Scandrill is currently marketing the rig, which will be available for a field-test with the new battery power technology by August.
Moving from Gulf Coast to the Permian for Better Prospects
Gulf Coast-based Nicklos Drilling recently made its entry to the Permian market with Rig 6, which began working in March under a two-well contract. The rig is among four 1,500-hp walking SCR units that are being acquired from Cyclone Drilling; each is being upgraded with 7,500-psi mud pumps and automatic catwalks, said Jim Nicklos, President. The second of these four rigs has moved to Odessa, Texas, and will spud its first well of a six-month contract in late April.
Work to acquire and upgrade these rigs from Cyclone began in 2018, and the company moved the first rig to the Permian in November in preparation for a contract that was delayed when oil prices slipped in December. Nicklos then secured the current two-well contract and has since signed two additional six-month contracts.
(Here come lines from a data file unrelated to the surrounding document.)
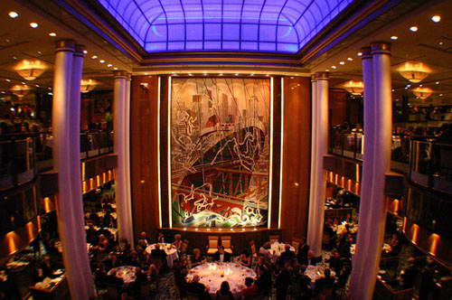 玛丽女皇二号的主餐厅,中央有玛丽二号的巨幅画像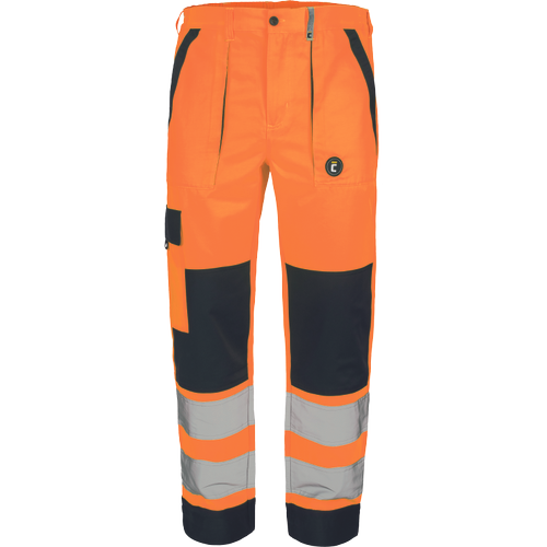 • pánské HI-VIS pracovní kalhoty s elastickým pasem • 2 přední kapsy • 1 stehenní kapsa • 2 zadní kapsy se zapínáním na suchý zip • 2 šité 7,5 cm široké reflexní pruhy na spodních částech nohavic • zesílená oblast kolen • nastavitelná délka nohavic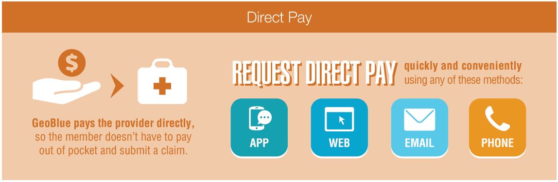 With Direct Pay, GeoBlue pays the provider so members don’t have to. It’s easy to request by app, web, email, or phone.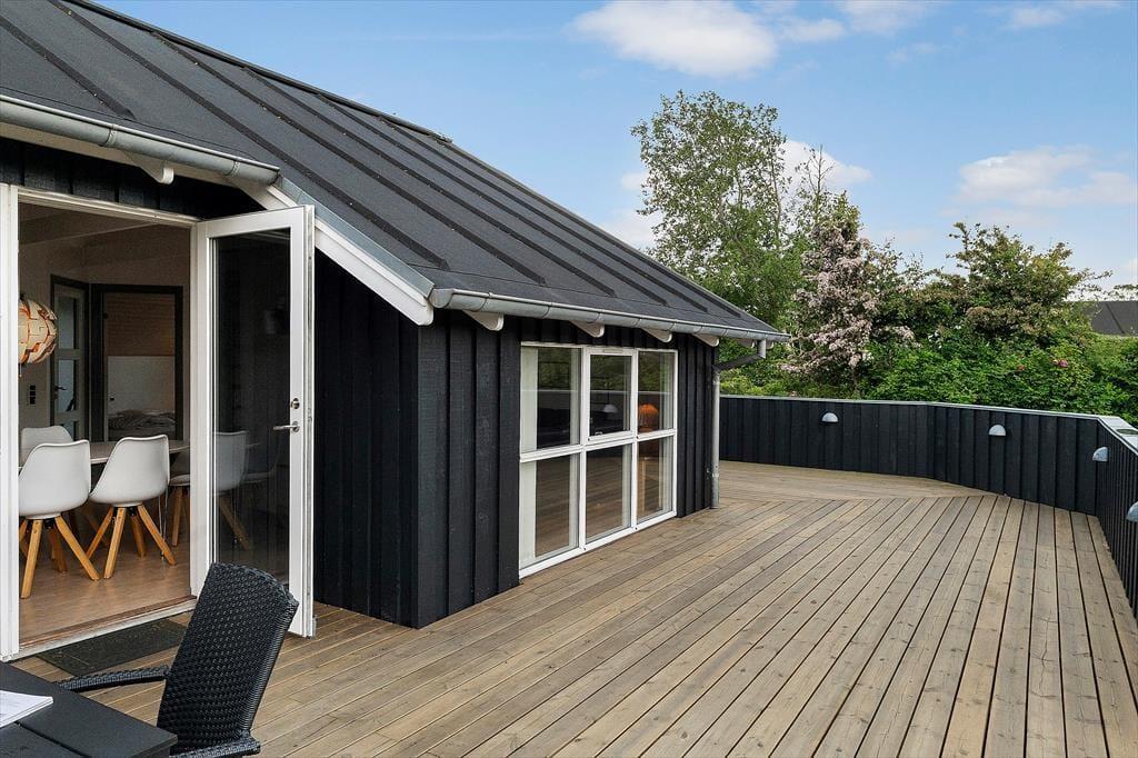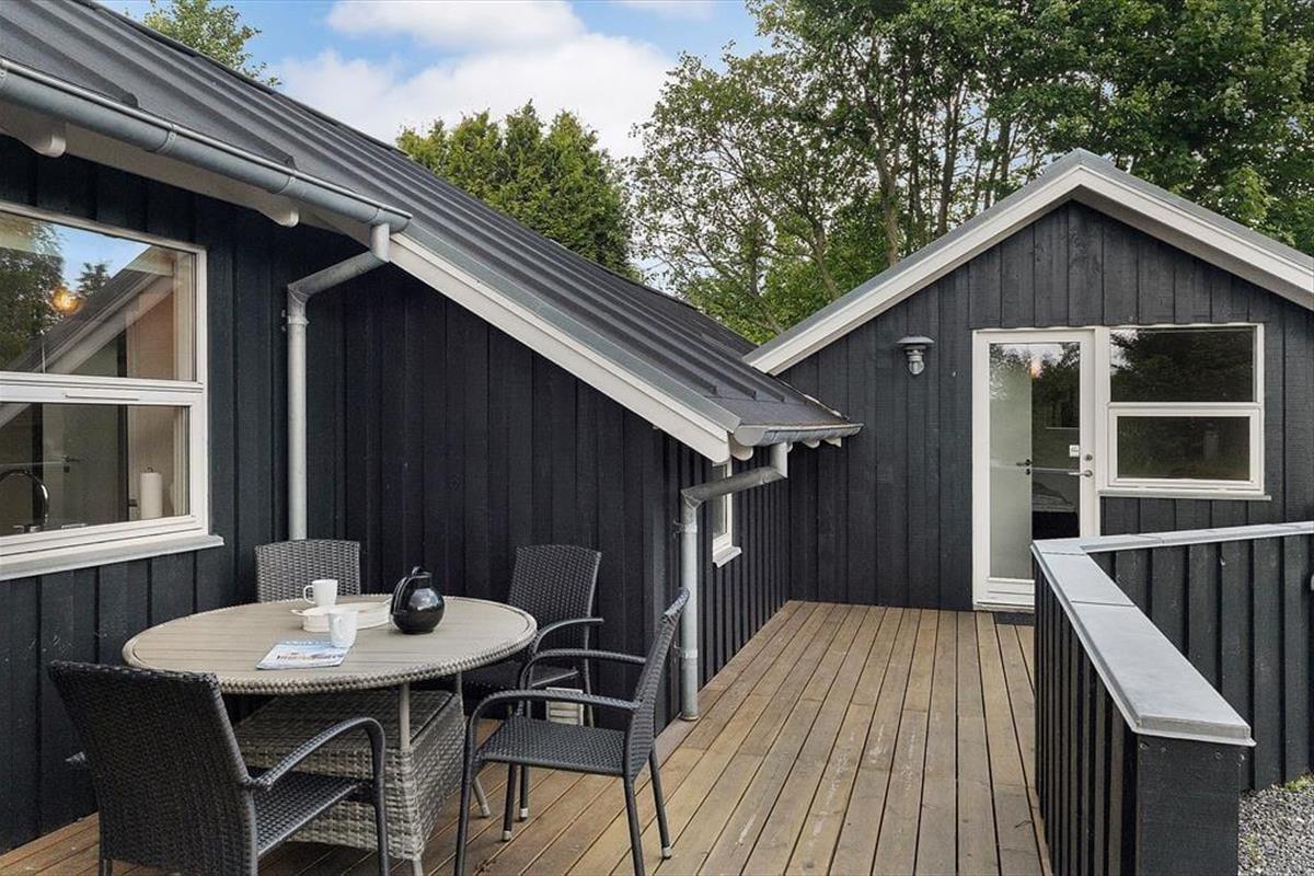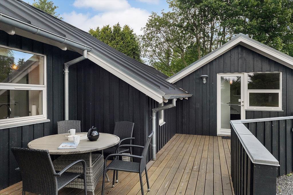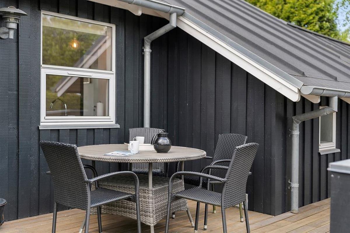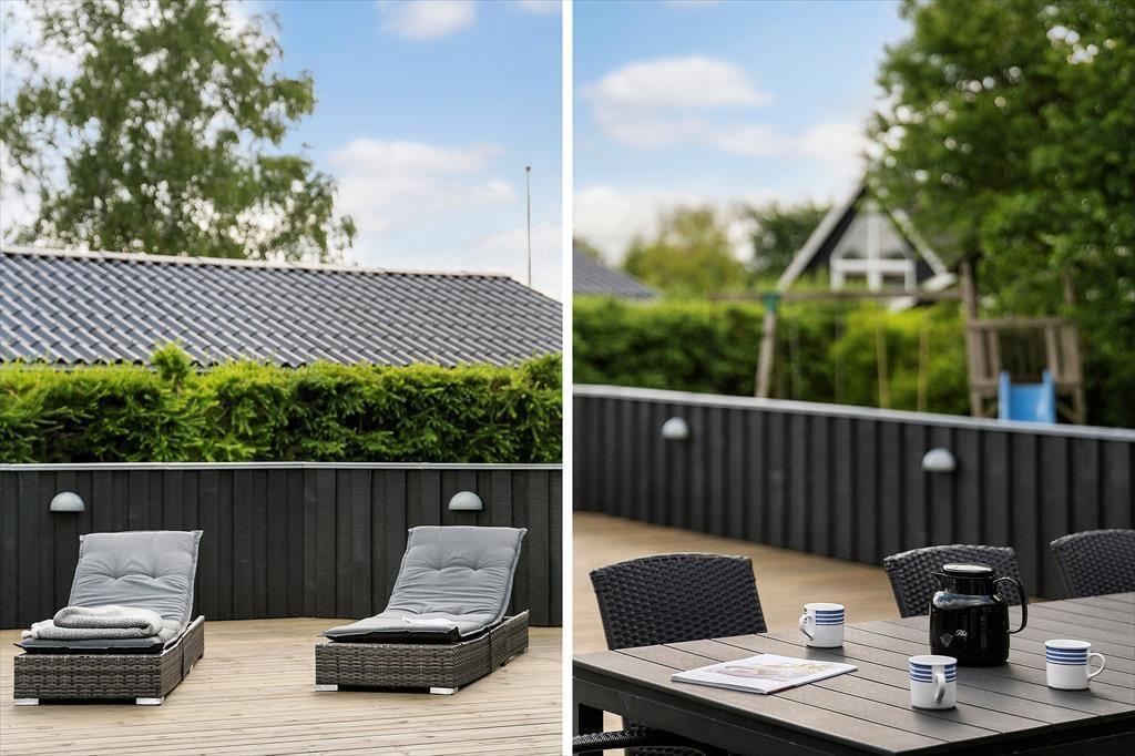 Das Ferienhaus liegt auf einem schönen Grundstück, jedoch ist es die Terrasse, die um das gesamte Haus verläuft, die besonders hervorzuheben ist. Hier finden Sie immer einen Platz in der Sonne oder, an den etwas windigeren Tagen, eine geschützte Ecke. Vom Essbereich aus gelangt man auf die Terrasse. Genießen Sie abends ein leckeres Essen, mit einer Flasche Wein oder Saft, im Freien.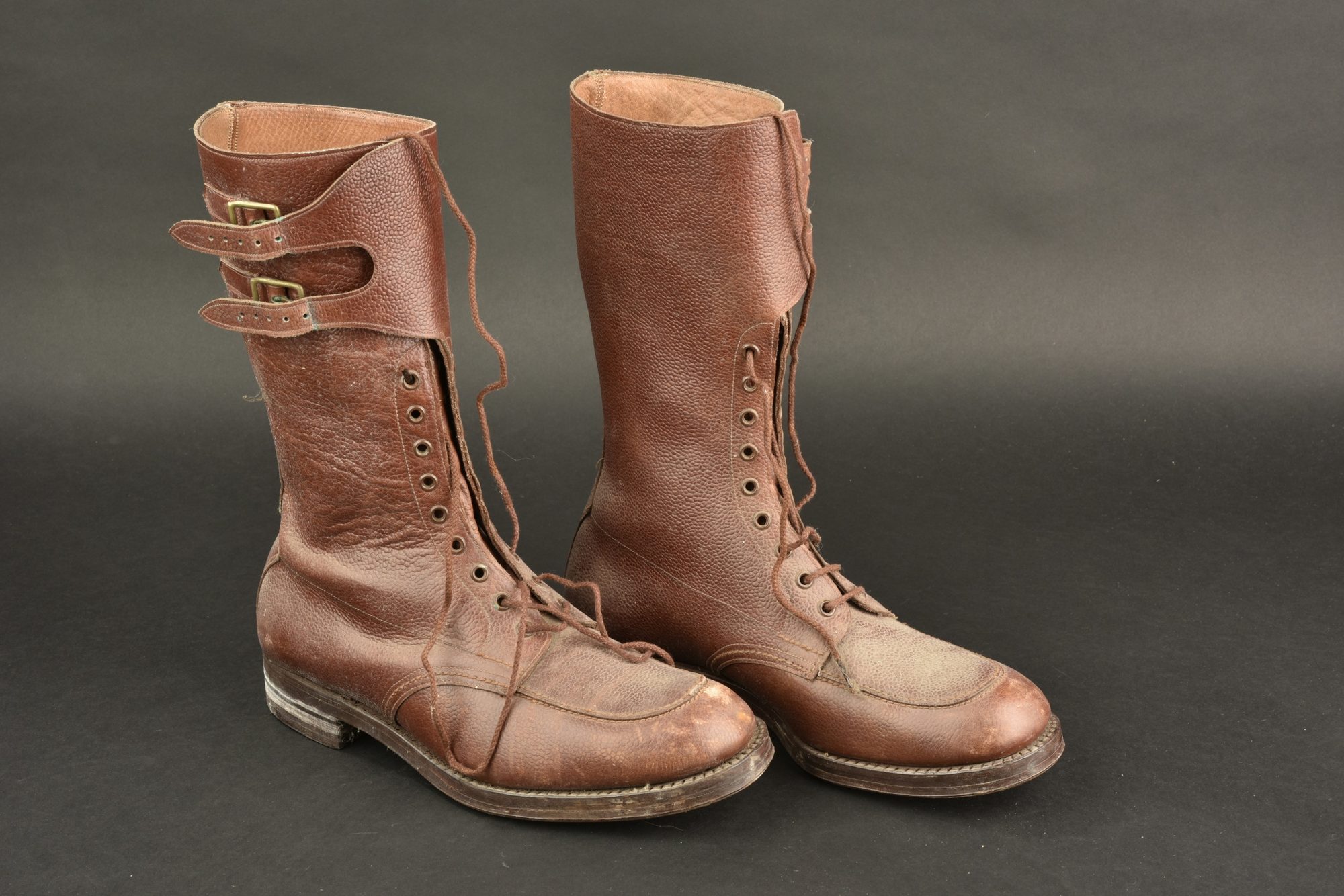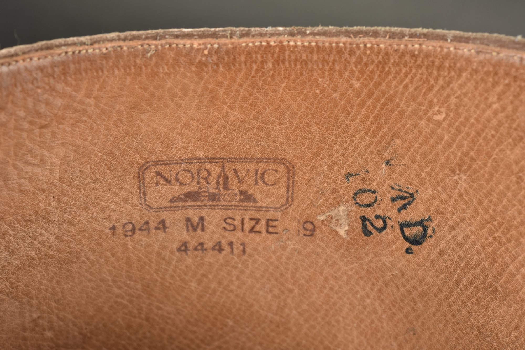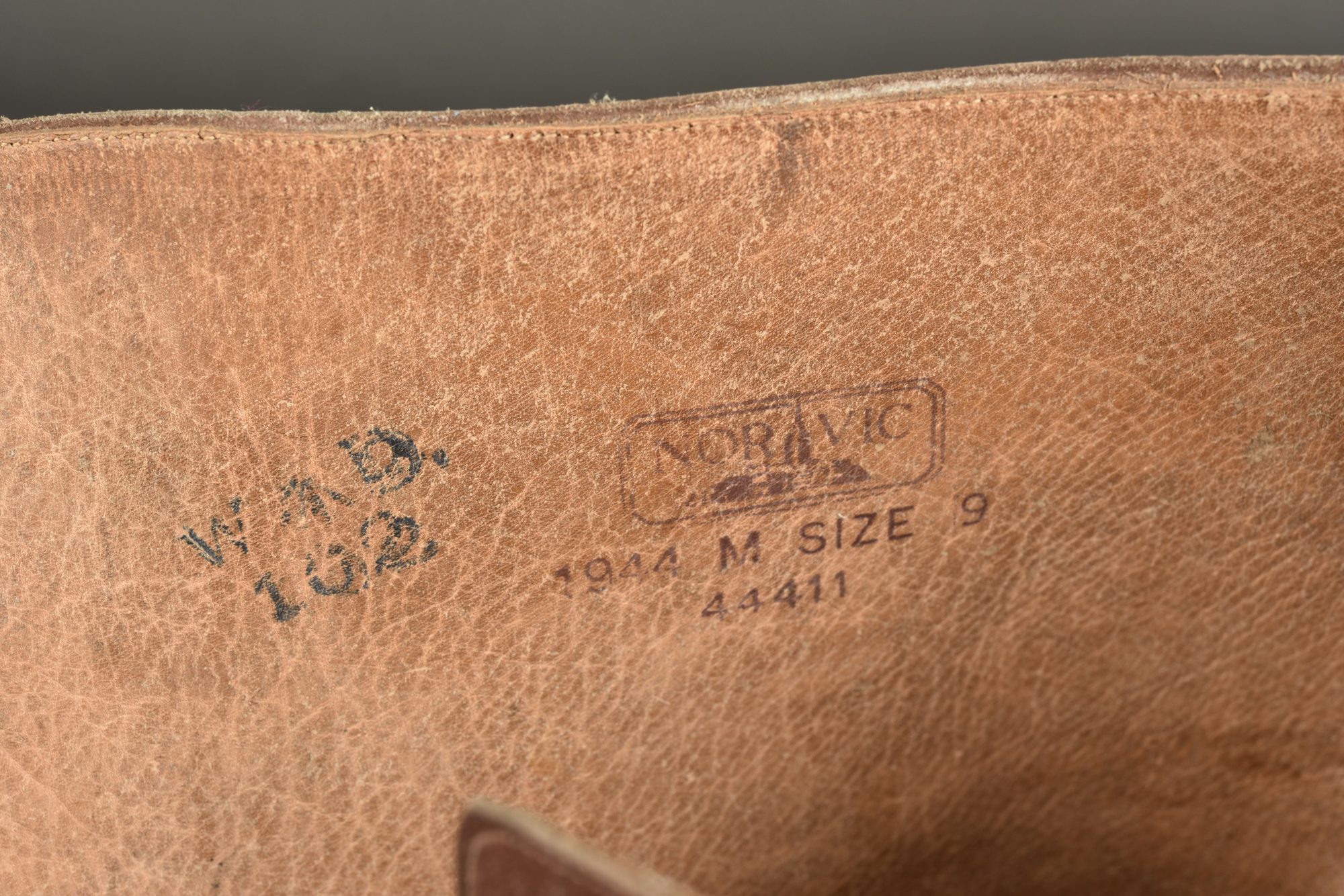 Bottes d’officier britannique. En épais cuir grenelé marron. Neuf œillets de laçage, les lacets sont présents. Jambière attenante fermant par deux brides. Semelles et talons en cuir, marquages 9M avec flèche du War Department. Marquages Norvic 1944 M, taille 9 44411. Approximativement une pointure 43/44 française.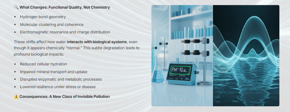 Perhaps the most concerning aspect of electromagnetic interference on water is its invisibility to conventional analysis. Standard water quality tests pH, TDS, BOD, heavy metals, microbial counts are blind to these disruptions because, the chemical composition remains unchanged. H¢O molecules are still intact, dissolved minerals are still present, no new contaminants are introduced.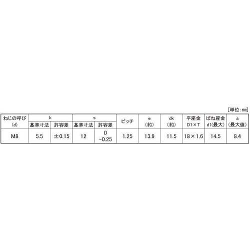 ねじ長さ(mm):20 | ねじ径(mm):M8 | 材質・仕上げ:鉄(または標準) | 単位:1箱(120本)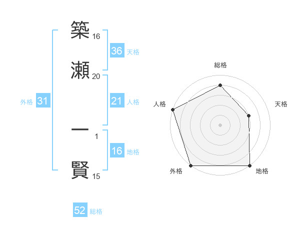 築瀬 一賢さんを姓名の画数から五運を鑑定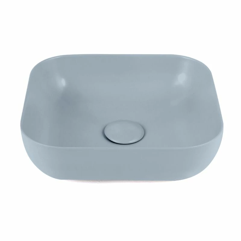 Vasque de salle de bain en céramique, carrée, Bleu mat. La collection céramique de Desvres : le savoir-faire artisanal d’excellence. Design contemporain, minimaliste et élégant. Matériau résistant, durable et imperméable. Facile à poser.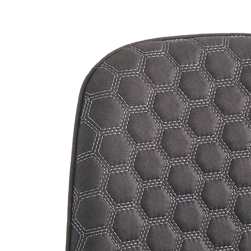encosto acolchoado e acolchoado com costuras geométricas que tornam o look final único para um

“We do see an uptick in the Permian, and the dayrates have increased a little bit from late last year, so the outlook there is terrific,” Mr Nicklos said.
Onshore outlook by the numbers
- In January 2019, the Lower 48 was producing an estimated 9.6 million bbl/day, compared with 7.9 million bbl/day a year ago.
- Breakeven prices are likely to rise slightly this year. As of early 2019, breakevens in the Bakken, Permian and Niobrara averaged around $40/bbl.
- Softness in the market has not hit the super-spec rigs, whose utilization remains at or near 100%.
“We’re seeing a lot of new private equity money going out to the Permian. People want to drill out there.” DC
DC Associate Editor Sarah Junek contributed to this report.